# EXERCISE AIM:
For the entries below, copy exactly the line that contains "Giuseppe Zanotti 'Harmony" through the line that contains "Enter your event", both ends included, and exclude all pictures.
----- EXTRACTED DATA -----
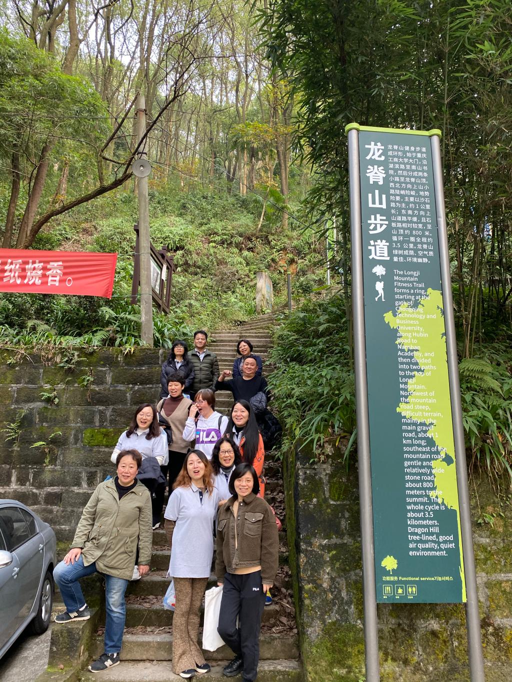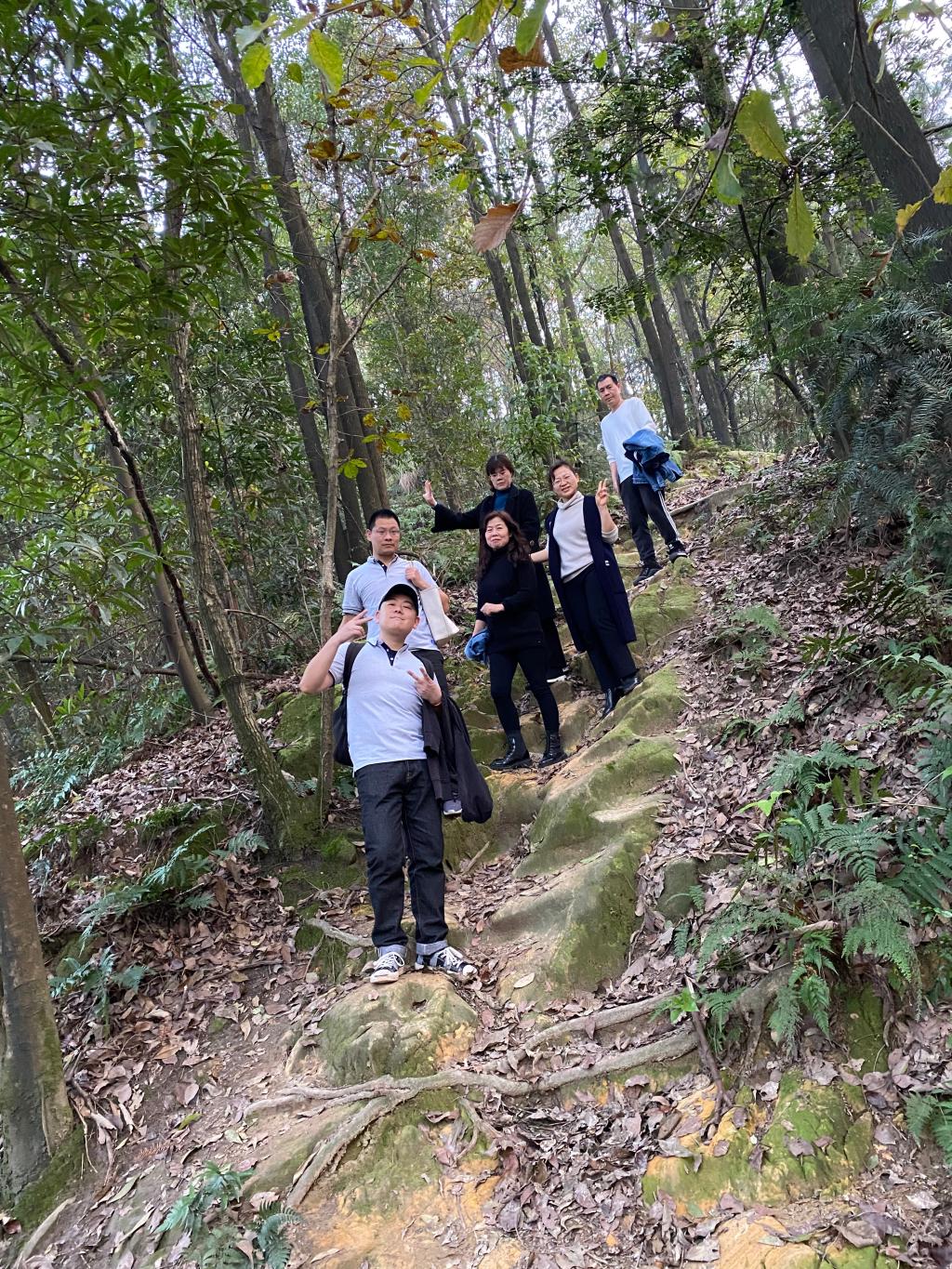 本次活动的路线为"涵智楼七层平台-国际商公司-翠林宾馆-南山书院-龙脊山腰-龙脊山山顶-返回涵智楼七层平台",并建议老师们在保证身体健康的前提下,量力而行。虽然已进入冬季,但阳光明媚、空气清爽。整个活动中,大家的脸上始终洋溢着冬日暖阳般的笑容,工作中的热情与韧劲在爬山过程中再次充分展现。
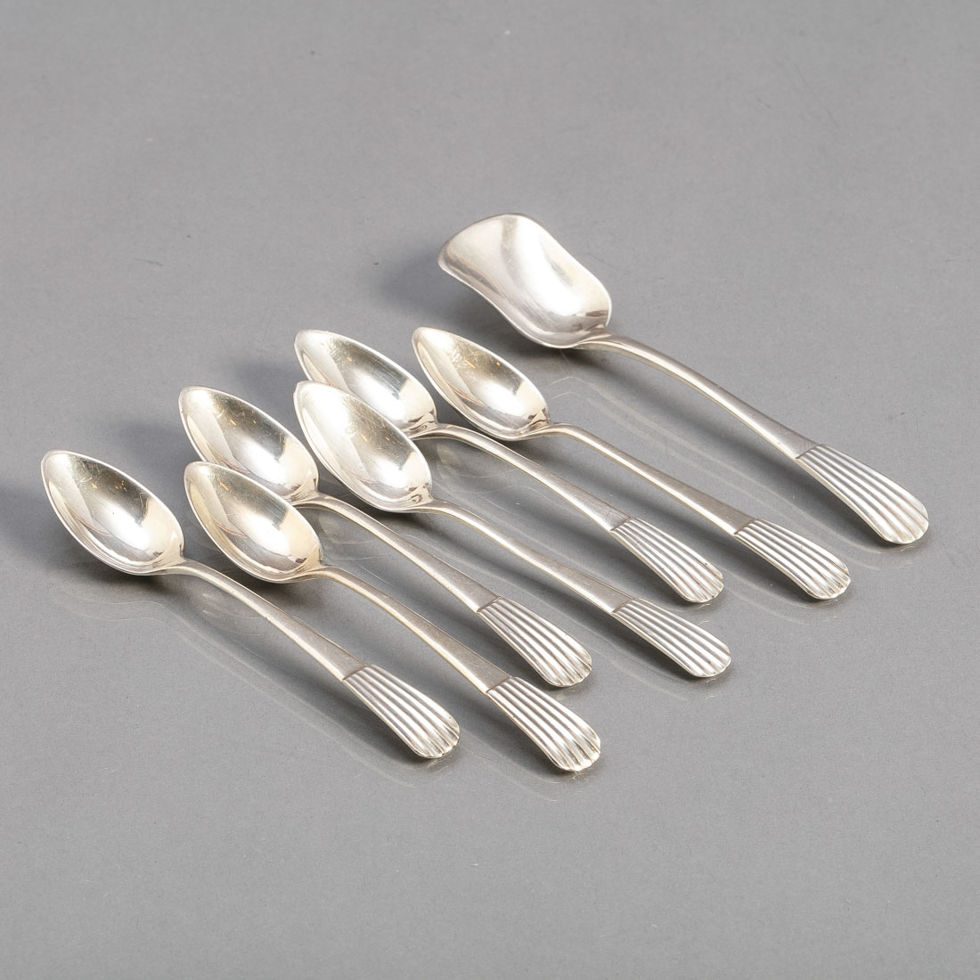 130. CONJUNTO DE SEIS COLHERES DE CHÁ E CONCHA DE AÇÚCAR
-----
----- EXTRACTED DATA -----
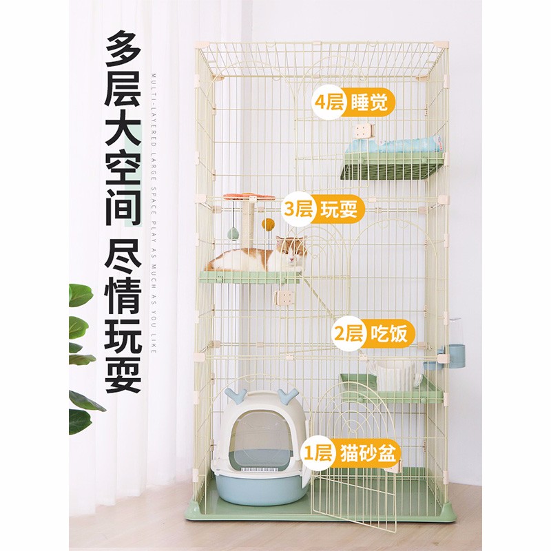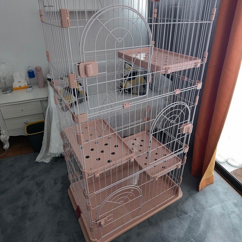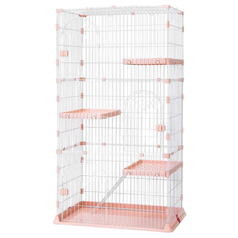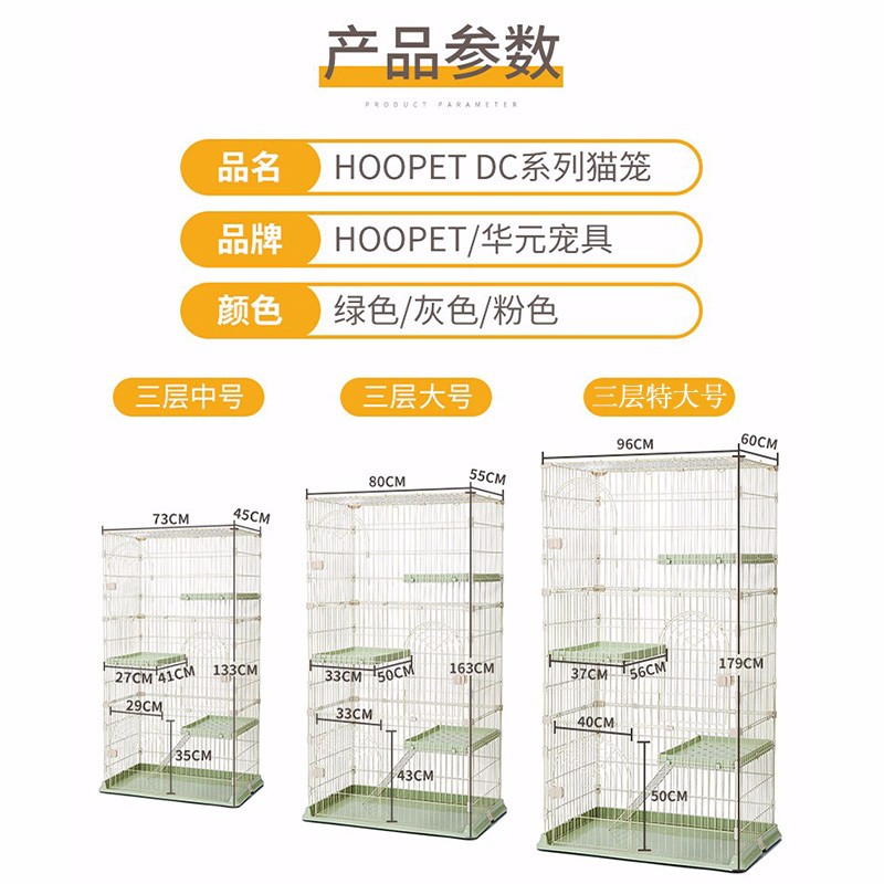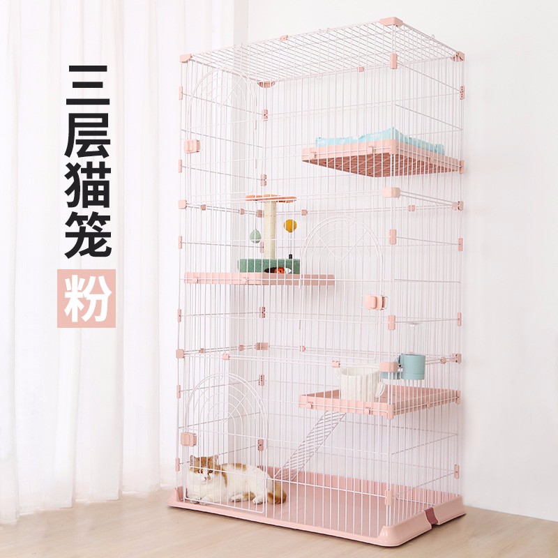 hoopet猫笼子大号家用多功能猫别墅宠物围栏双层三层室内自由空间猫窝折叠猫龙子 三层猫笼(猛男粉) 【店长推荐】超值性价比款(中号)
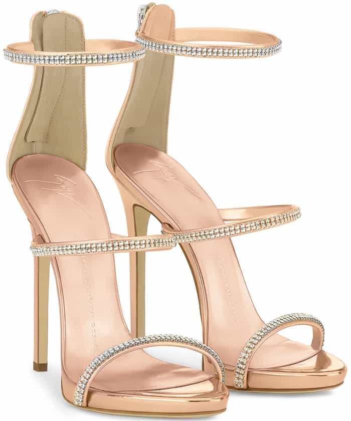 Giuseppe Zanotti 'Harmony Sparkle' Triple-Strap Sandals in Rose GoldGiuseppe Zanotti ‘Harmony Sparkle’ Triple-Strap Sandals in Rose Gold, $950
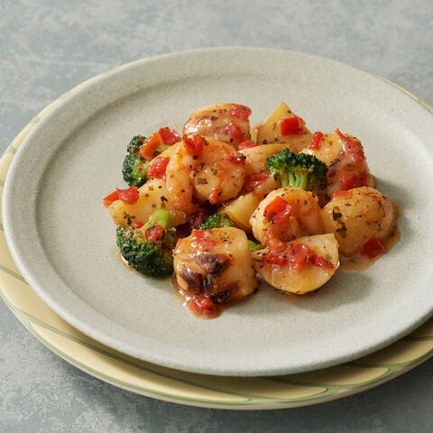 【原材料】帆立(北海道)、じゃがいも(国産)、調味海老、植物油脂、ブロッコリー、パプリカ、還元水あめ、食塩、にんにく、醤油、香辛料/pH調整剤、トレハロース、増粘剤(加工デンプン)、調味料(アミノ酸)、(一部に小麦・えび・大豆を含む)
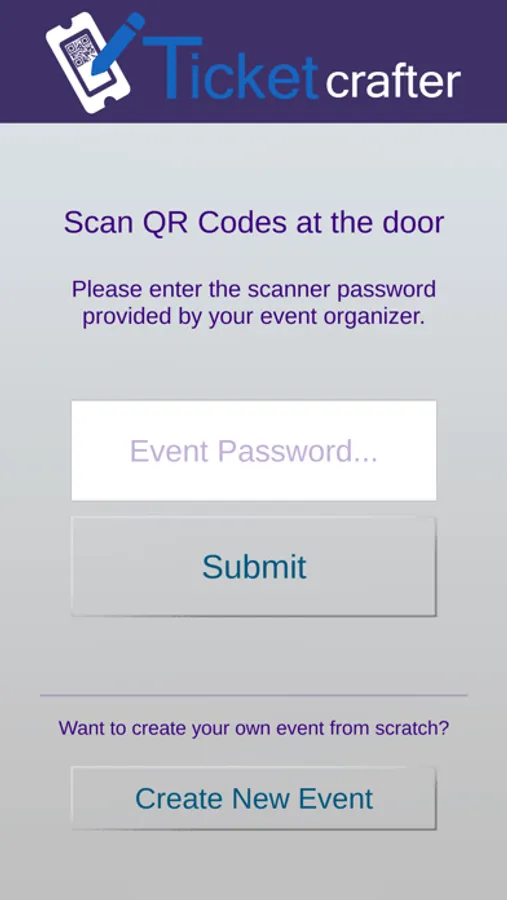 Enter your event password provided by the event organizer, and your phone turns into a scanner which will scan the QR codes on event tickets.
-----
----- EXTRACTED DATA -----
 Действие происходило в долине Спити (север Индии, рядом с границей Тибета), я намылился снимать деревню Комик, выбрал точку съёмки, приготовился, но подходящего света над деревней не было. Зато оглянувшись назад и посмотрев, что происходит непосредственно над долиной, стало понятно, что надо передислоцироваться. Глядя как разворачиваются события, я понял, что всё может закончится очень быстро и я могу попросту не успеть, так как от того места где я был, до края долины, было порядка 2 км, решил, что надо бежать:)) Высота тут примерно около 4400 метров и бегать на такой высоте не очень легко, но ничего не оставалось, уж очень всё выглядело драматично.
-----
# TASK RESULT:
 Giuseppe Zanotti 'Harmony Sparkle' Triple-Strap Sandals in Rose GoldGiuseppe Zanotti ‘Harmony Sparkle’ Triple-Strap Sandals in Rose Gold, $950
 【原材料】帆立(北海道)、じゃがいも(国産)、調味海老、植物油脂、ブロッコリー、パプリカ、還元水あめ、食塩、にんにく、醤油、香辛料/pH調整剤、トレハロース、増粘剤(加工デンプン)、調味料(アミノ酸)、(一部に小麦・えび・大豆を含む)
 Enter your event password provided by the event organizer, and your phone turns into a scanner which will scan the QR codes on event tickets.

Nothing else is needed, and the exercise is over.